Standardization of Databases; Data Assessment;
and Uncertainty Statements
Peter L. Smith (Panel Chair)1,
Linda Brown2,
John Rumble3, Hiroyuki Tawara4
1Harvard-Smithsonian CfA, Cambridge, USA
2Jet Propulsion Laboratory, Pasadena, USA
3National Institute of Standards and Technology, Gaithersburg, USA
4National Institute for Fusion Science, Nagoya, Japan
Reproduced with permission from Atomic and Molecular Data and
Their Applications
edited by P.J. Mohr and W.L. Wiese
© 1998 American Institute of Physics, New York, Conference Proceeding #434
The usefulness of databases comprising atomic and molecular parameters
depends upon their reliability, completeness,
and ease of use. The classic database, a book with limited availability
containing data critically evaluated by experts, is gradually becoming obsolete.
Databases today
can be (and are being) prepared, distributed, and utilized by anyone through the
World Wide Web (WWW). Producers and users of databases can be expert or
naive. Therefore standards for databases are required in order
to ensure quality.
Today, databases are, for historical reasons, often discipline-specific. With
standardization of database content, format, and assessment,
expert software will be able to merge small, separately created and maintained,
datasets to create large "virtual" databases capable of dealing with
disparate users with multiparameter requests.

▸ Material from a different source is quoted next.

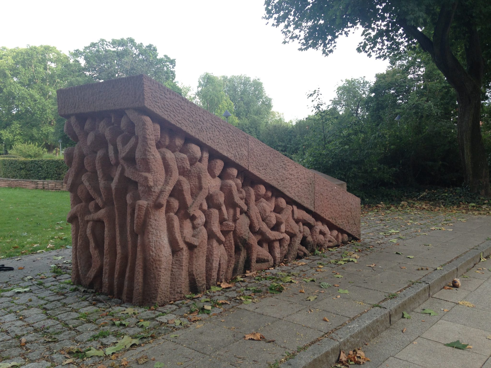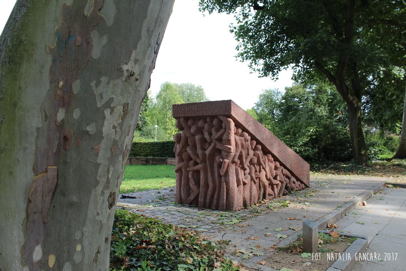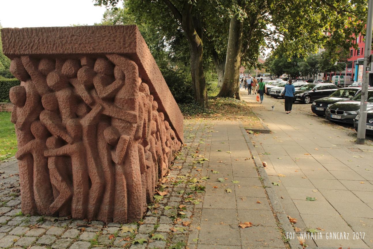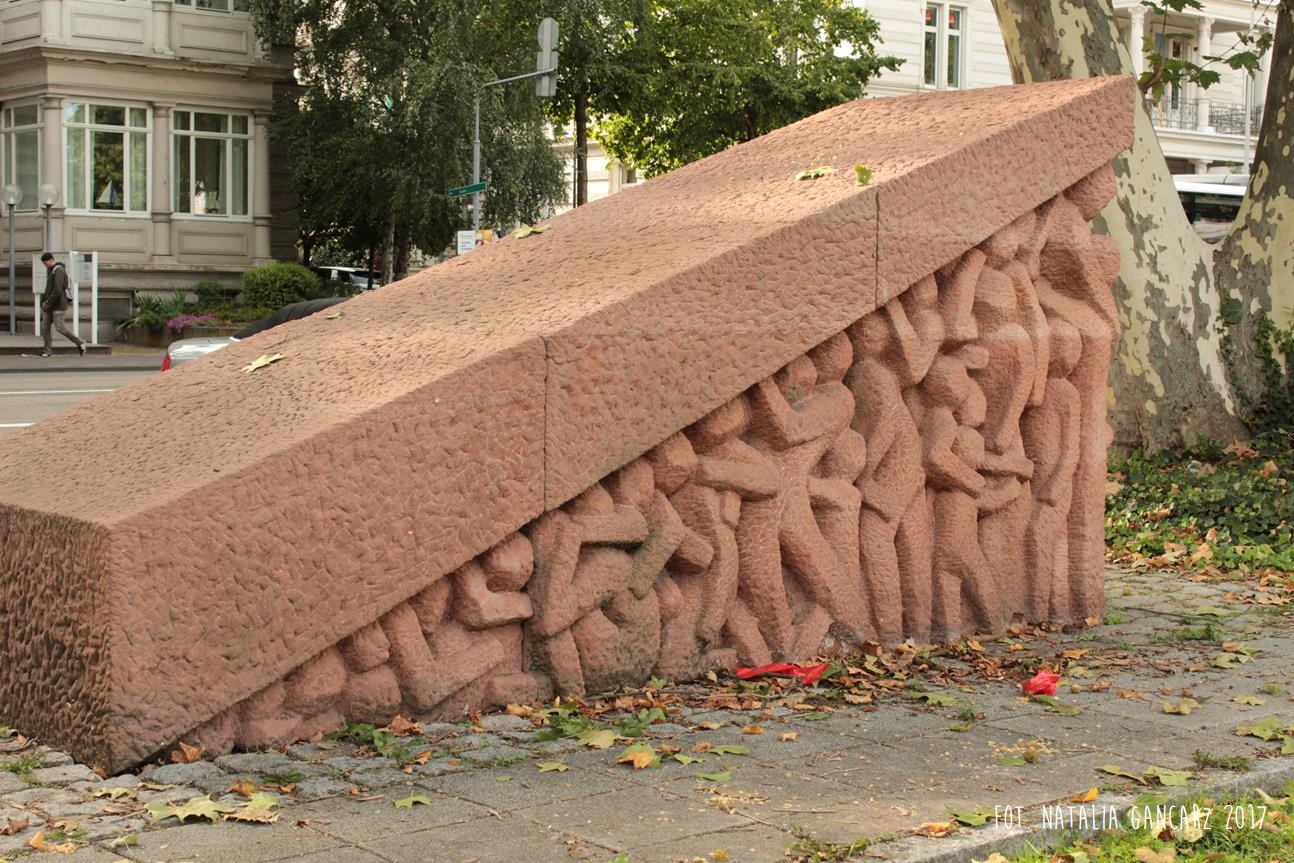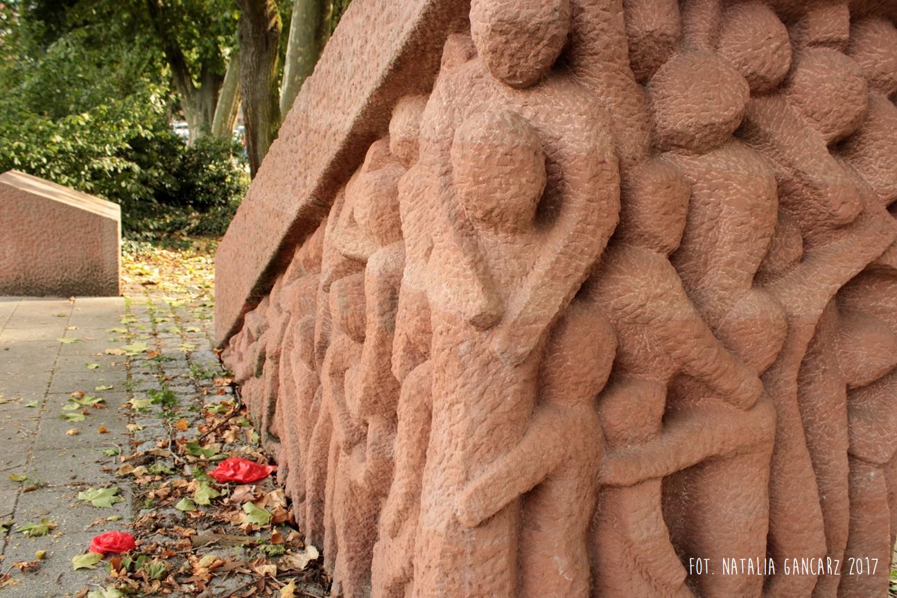 Pochylnia sprawia jednocześnie wrażenie ciężkiej kamiennej płyty, którą usiłują unieść postaci Romów i Sinti – reliefów po obu bokach pomnika. Płyta jednak okazuje się dla nich zbyt ciężka – i miażdżąca.

Without standards, users get flawed, incomplete, unreliable, and/or out-of-date
data. There is no configuration control; data can change from day to day
without notice. Data in different formats cannot be merged.
Standards - a broadly agreed upon, public set of rules for data format,
database content, data assessment and uncertainty statements, and
documentation - ensure that database users get reliable information.
With standards, producers can concentrate on content not form.
Documentation is an important part of database standards. Documentation
must include information for the most naive legitimate user about
the sources (i.e., references), accuracies, and completeness of
the data, as well as information about the evaluation process. Documentation
should also explain how related databases differ.
Standards, however, cost money, and the effort required for production
of quality databases is often not appreciated by scientific users, in part
because the standards, the compilation and assessment procedure, and the
data themselves are often not considered to be a very interesting, exciting
scientific endeavor.
Assessment is a particularly time consuming and thus expensive part of database
production. It is
not peer review, but an independent evaluation by experts who assess the
methods used to generate the data, and who also intercompare results
obtained using different techniques. Standards are required to ensure that
assessments of different data sets are consistent. Since standards need to be
based on broad agreements within the community, the ICAMDATA conference series
may be a good vehicle to advance the standardization process.